● **DESCRIPTION OF THE TASK**
Copying rule for the data below: pictures stay out, and only the lines from the one with "[10월 21일(금)] 찰스 달라라 전 국제금융협회(IIF) 초청 조찬강연회" down to the one with "มีหมายเลขโทรศัพท์ แจ้งเหตุขอความช่วยเหลือหาแประสบภัย เซฟเก็บไว้", inclusive, are repeated exactly.

● **THE DATA**
######
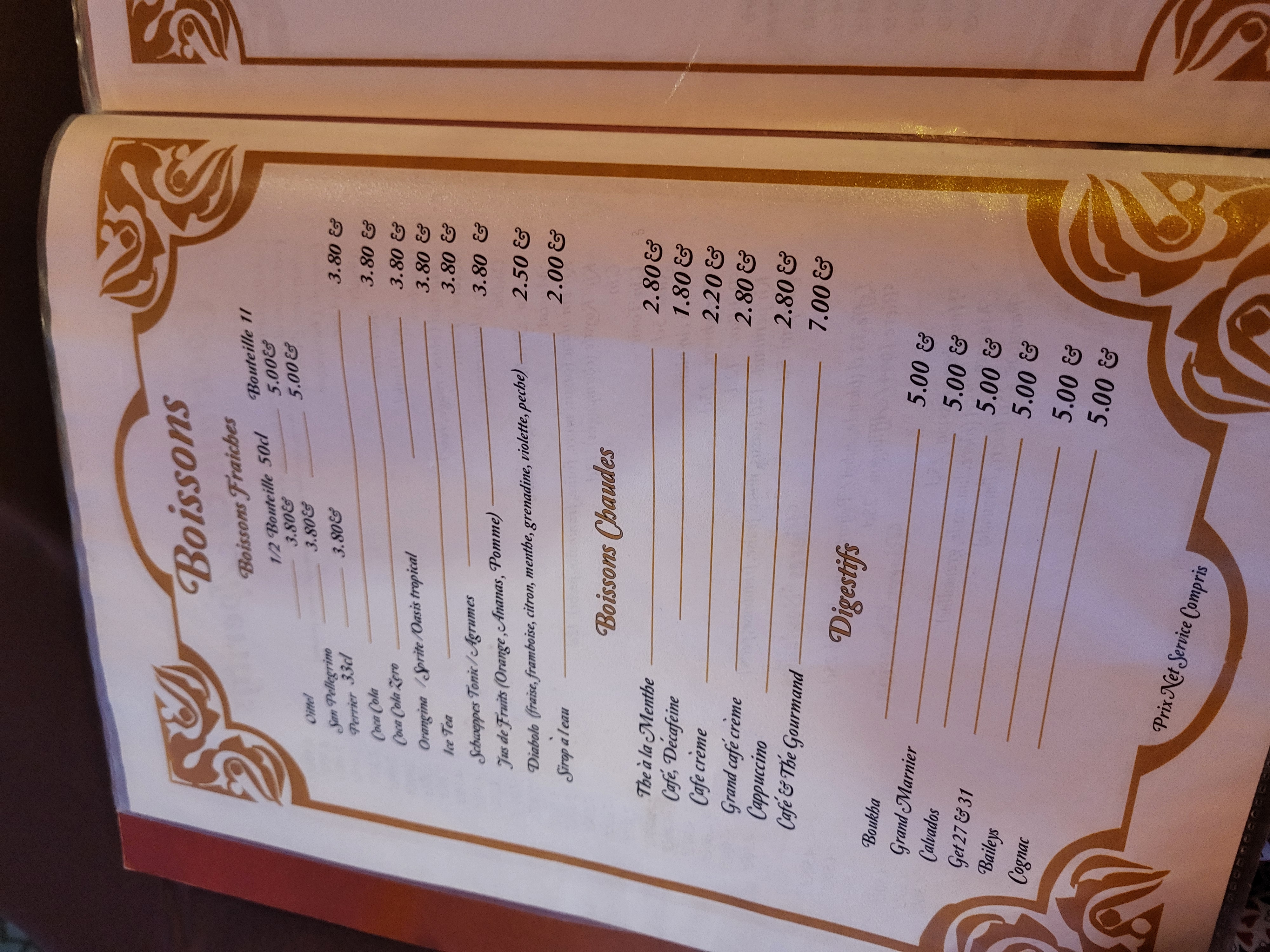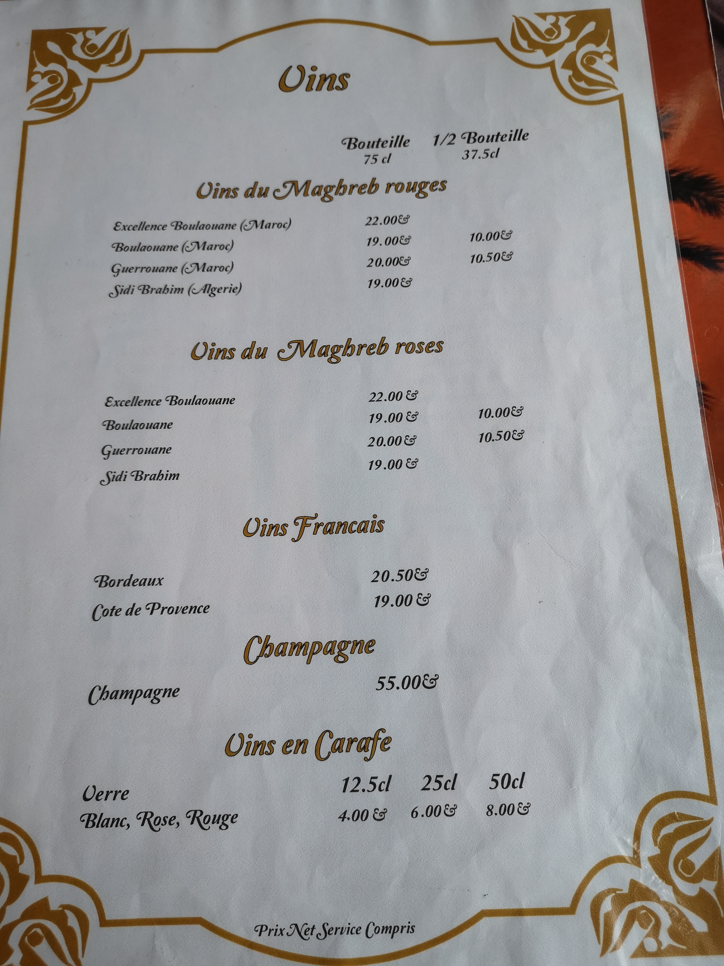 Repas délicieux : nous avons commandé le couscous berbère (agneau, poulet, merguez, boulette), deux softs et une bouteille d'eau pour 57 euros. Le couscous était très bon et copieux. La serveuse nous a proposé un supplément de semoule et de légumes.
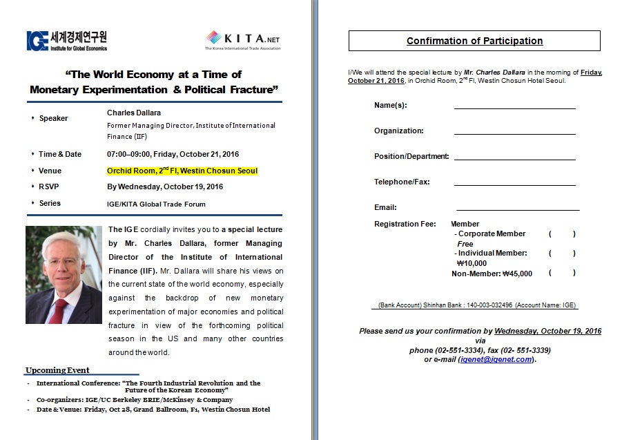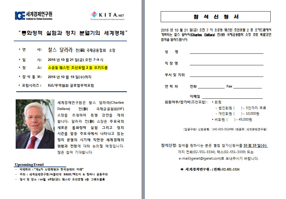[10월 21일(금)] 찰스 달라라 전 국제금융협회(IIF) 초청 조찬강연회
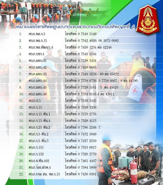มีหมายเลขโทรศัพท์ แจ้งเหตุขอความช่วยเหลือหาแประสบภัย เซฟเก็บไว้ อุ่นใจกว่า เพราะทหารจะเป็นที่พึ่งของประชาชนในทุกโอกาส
######
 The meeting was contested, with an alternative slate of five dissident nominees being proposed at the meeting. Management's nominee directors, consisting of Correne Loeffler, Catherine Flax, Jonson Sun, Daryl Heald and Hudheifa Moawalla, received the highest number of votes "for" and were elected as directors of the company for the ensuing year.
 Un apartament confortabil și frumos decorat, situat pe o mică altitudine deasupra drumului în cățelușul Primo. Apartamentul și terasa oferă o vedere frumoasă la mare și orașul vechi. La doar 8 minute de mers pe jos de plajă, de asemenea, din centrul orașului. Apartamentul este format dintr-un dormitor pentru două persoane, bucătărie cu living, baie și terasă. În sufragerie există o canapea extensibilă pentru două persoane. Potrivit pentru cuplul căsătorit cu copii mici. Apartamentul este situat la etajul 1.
######
● **PROBLEM SOLUTION**
[10월 21일(금)] 찰스 달라라 전 국제금융협회(IIF) 초청 조찬강연회
มีหมายเลขโทรศัพท์ แจ้งเหตุขอความช่วยเหลือหาแประสบภัย เซฟเก็บไว้ อุ่นใจกว่า เพราะทหารจะเป็นที่พึ่งของประชาชนในทุกโอกาส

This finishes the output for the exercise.